Effectiveness of biomarker-guided duration of antibiotic treatment in children hospitalised with confirmed or suspected bacterial infection: the BATCH RCT.

Background: Procalcitonin is a biomarker specific for bacterial infection, with a more rapid response than other commonly used biomarkers, such as C-reactive protein, but it is not routinely used in the National Health Service.

Objective: To determine if using a procalcitonin-guided algorithm may safely reduce duration of antibiotic therapy compared to standard of care in hospitalised children with suspected or confirmed infection.

Design: A pragmatic, multicentre, open-label, parallel two-arm, individually randomised controlled trial with internal pilot phase, qualitative study and health economic evaluations.

Setting: Paediatric wards or paediatric intensive care units within children's hospitals (n = 6) and district general hospitals (n = 9) in the United Kingdom.

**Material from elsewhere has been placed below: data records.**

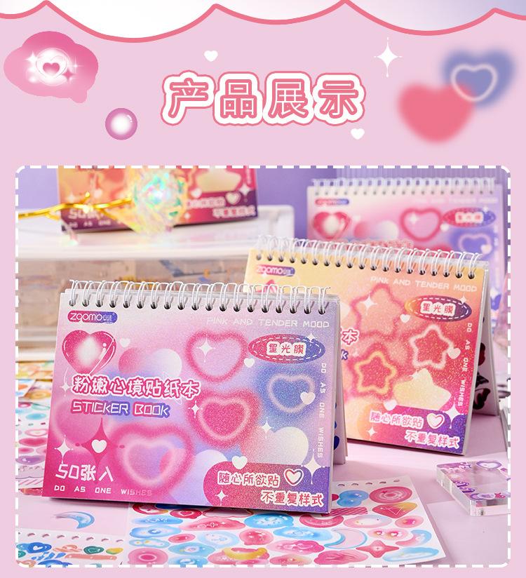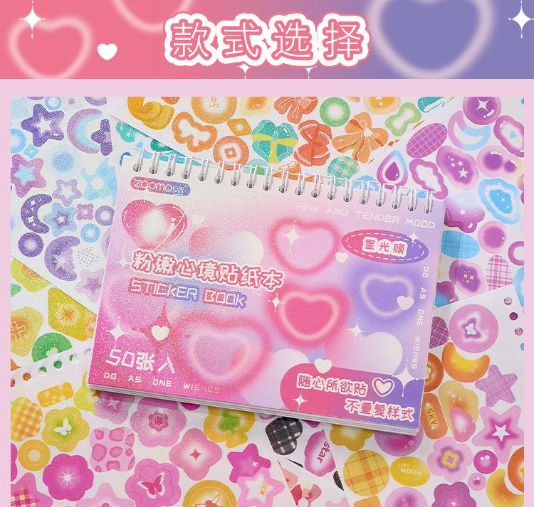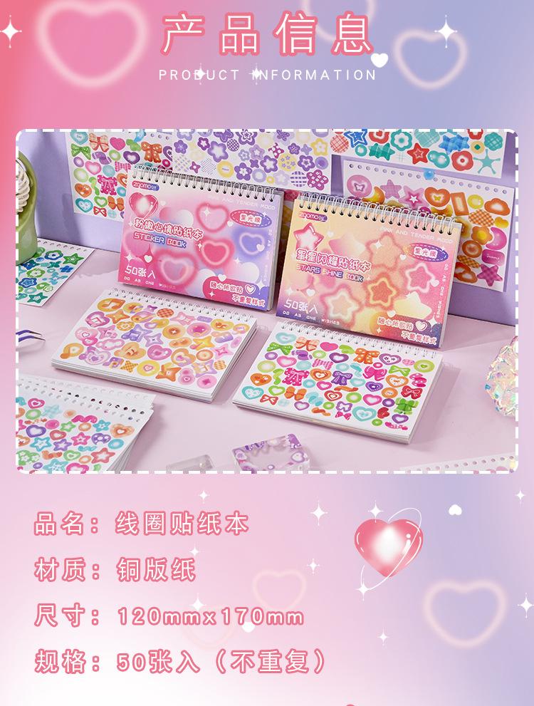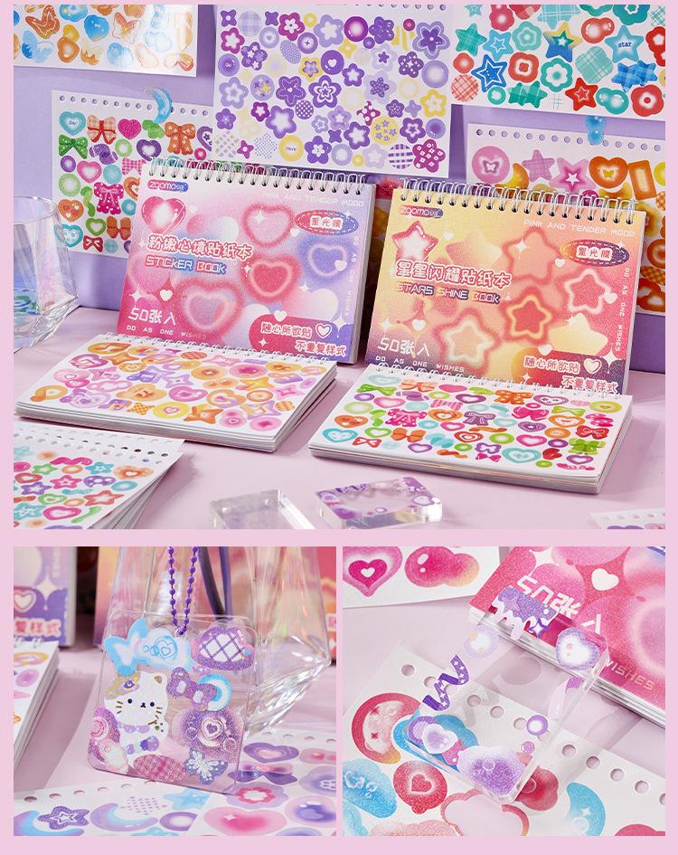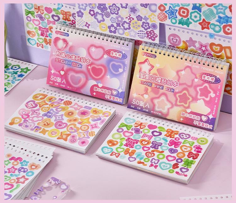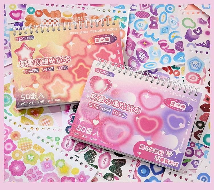 Espuma matutina 50 pegatinas de bobina esta serie de brillo de estrella Película flash Amor de burbujas mariposa decoración de collage para cuenta de mano
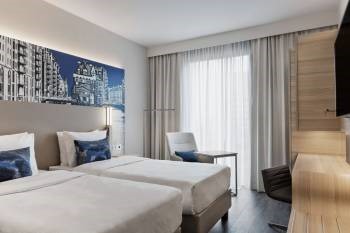 Our hotel has 277 modern rooms including 14 superior rooms and 5 suites. All rooms and suites feature a bathroom with walk-in shower and luxurious Marriott beds with either one king bed, one queen bed or two twin beds. The room has a stylish work area and a modern seating area. Free high-speed Wi-Fi, coffee and tea making facilities, air conditioning, flat screen 49 inches, mini-fridge, hairdryer, in-room safe, iron and ironing board are included. The modern, well-appointed, new rooms make our guests feel right at home.
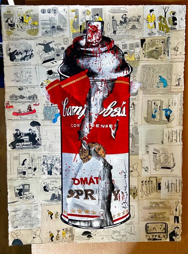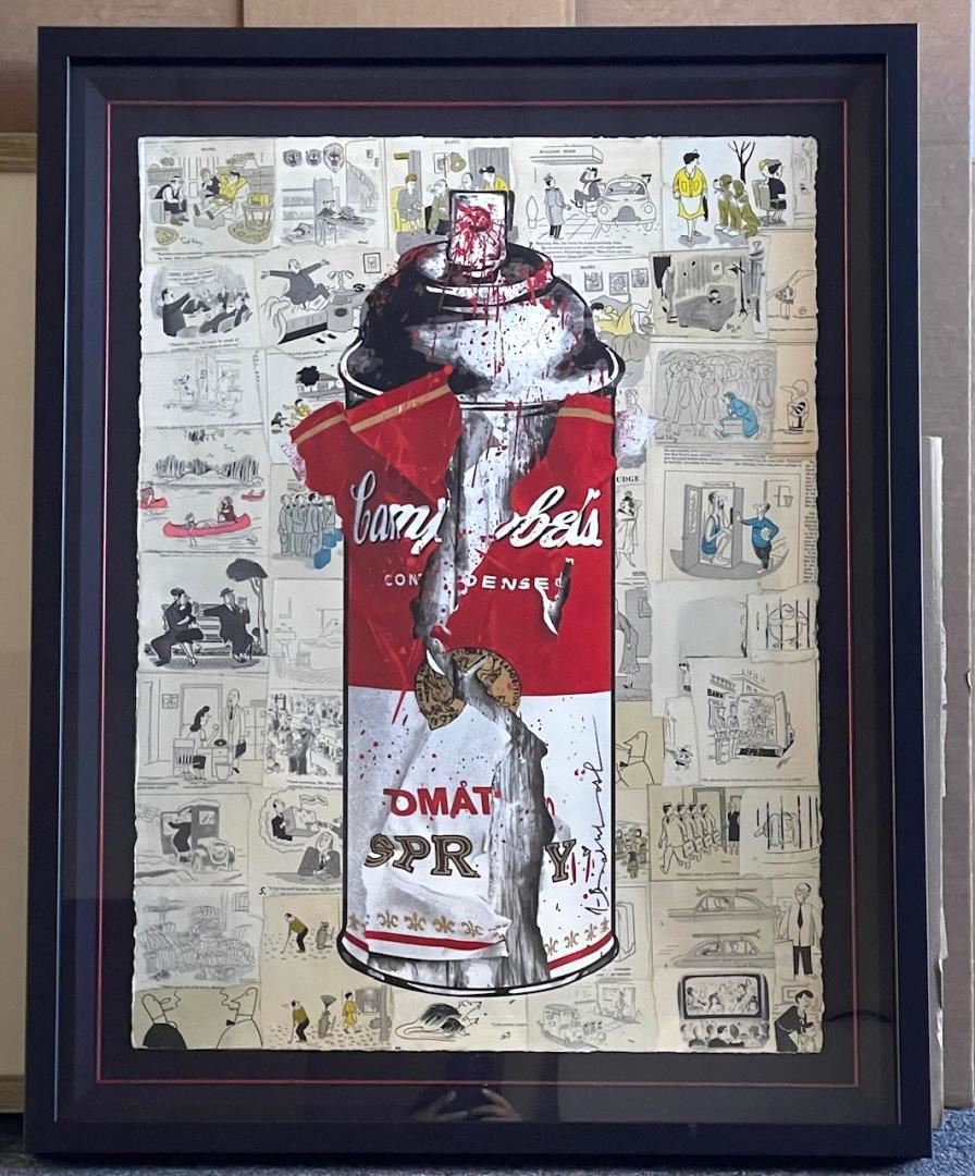 A Unique hand-signed mixed media overpaint on silkscreen of one of Mr. Brainwash's iconic images. Signed 1/1 in verso. 30x22" on paper with COA.
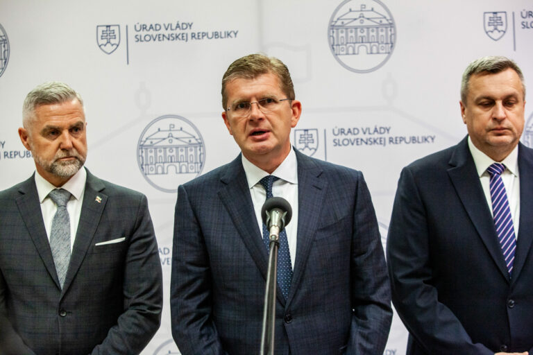 Zľava: Podpredseda Národnej rady (NR) SR Tibor Gašpar, podpredseda NR SR poverený výkonom právomoci predsedu parlamentu Peter Žiga a podpredseda NR SR Andrej Danko počas tlačovej konferencie po mimoriadnom zasadnutí Bezpečnostnej rady SR v priestoroch Úradu vlády (ÚV SR). Bratislava, 23. január 2025. Foto: SITA/Tomáš Bokor
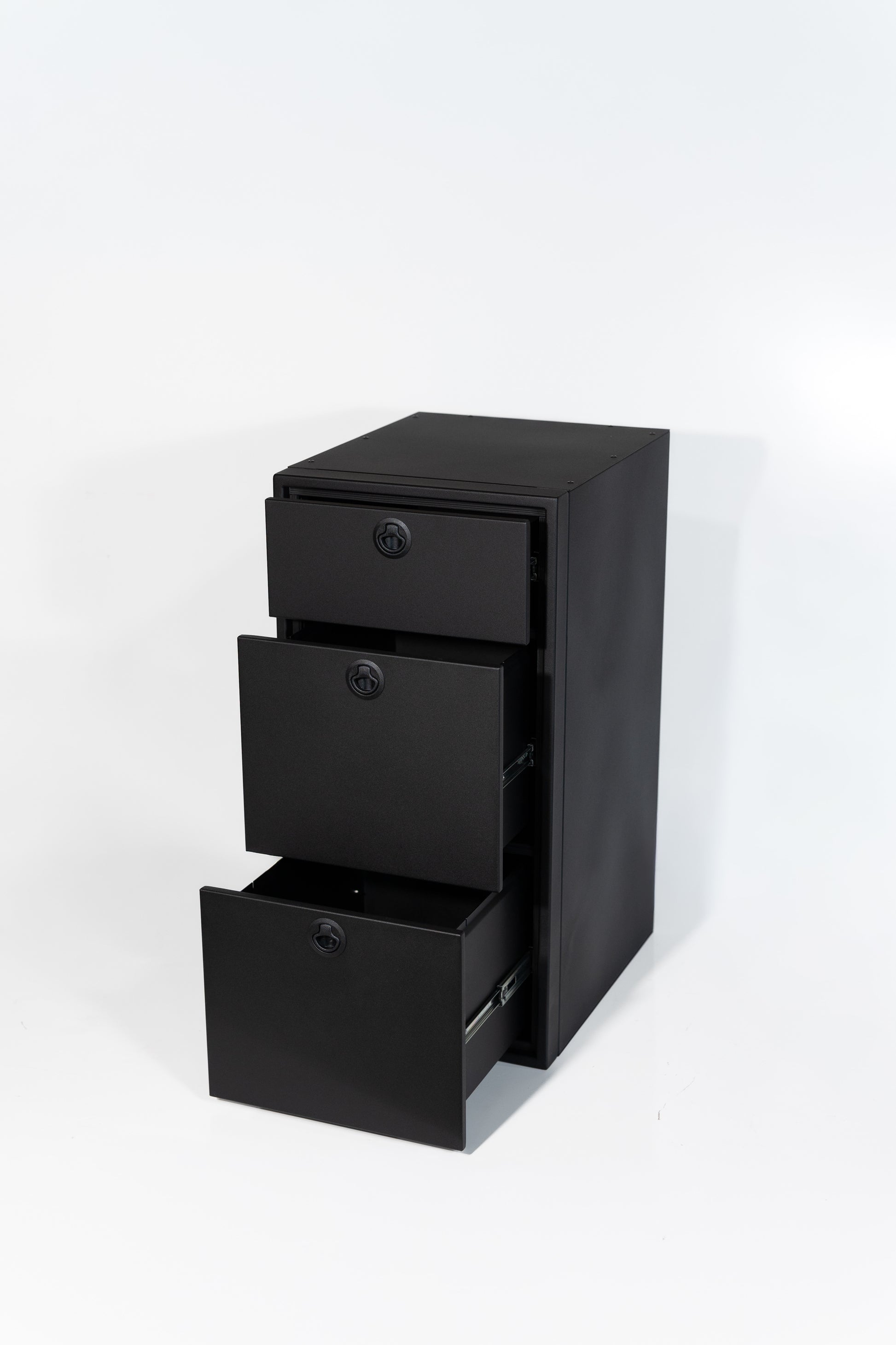 Powder coated aluminum base cabinet features three soft close full box construction drawers. Fully finished cabinet includes base, 4 sides, and top. Customer can add own countertop to finish the look of this cabinet.

Participants: Children aged between 72 hours and 18 years admitted to hospital and being treated with intravenous antibiotics for suspected or confirmed bacterial infection.

Interventions: Procalcitonin-guided algorithm versus usual standard care alone.

Main outcome measures: Coprimary outcomes were duration of intravenous antibiotic use and a composite safety measure.

Results: Between 11 June 2018 and 12 October 2022, 1949 children were recruited: 977 to the procalcitonin group [427 female (43.7%), 550 male (56.3%)], and 972 to the usual care group [478 female (49.2%), 494 male (50.8%)]. Duration of intravenous antibiotics was not significantly different between the procalcitonin group (median 96.0 hours) and the usual care group (median 99.7 hours) [hazard ratio = 0.96 (0.87, 1.05)], and the procalcitonin-guided algorithm was non-inferior to usual care [risk difference = -0.81% (95% confidence interval upper bound 1.11%)]. At clinical review, a procalcitonin result was available for 81.8% of the time, which was considered as part of clinical decision-making 66.6% of the time, and the algorithm was adhered to 57.2% of the time. Incremental cost-effectiveness ratio per duration of intravenous antibiotics hour avoided from bootstrapped samples was £467.62 per intravenous antibiotic hour avoided. Cost analysis of complete cases was also higher in the procalcitonin arm for all age groups, and for children aged 5 years and over. The intervention is not cost-effective as it is more expensive with no significant improvement in intravenous antibiotic duration.

Limitations: Robust antimicrobial stewardship programmes were already implemented in the lead recruiting sites, and adherence to the algorithm was poor. Clinicians may be reluctant to adhere to biomarker-guided algorithms, due to unfamiliarity with interpreting the test result.

Conclusions: In children hospitalised with confirmed or suspected bacterial infection, the addition of a procalcitonin-guided algorithm to usual care is non-inferior in terms of safety, but does not reduce duration of intravenous antibiotics, and is not cost-effective. In the presence of robust antimicrobial stewardship programmes to reduce antibiotic use, a procalcitonin-guided algorithm may offer little added value.

Future work: Future trials must include an implementation framework to improve trial intervention fidelity, and repeated cycles of education and training to facilitate implementation of biomarker-guided algorithms into routine clinical care.

Trial registration: This trial is registered as ISRCTN11369832.

Funding: This award was funded by the National Institute for Health and Care Research (NIHR) Health Technology Assessment programme (NIHR award ref: 15/188/42) and is published in full in Health Technology Assessment; Vol. 29, No. 16. See the NIHR Funding and Awards website for further award information.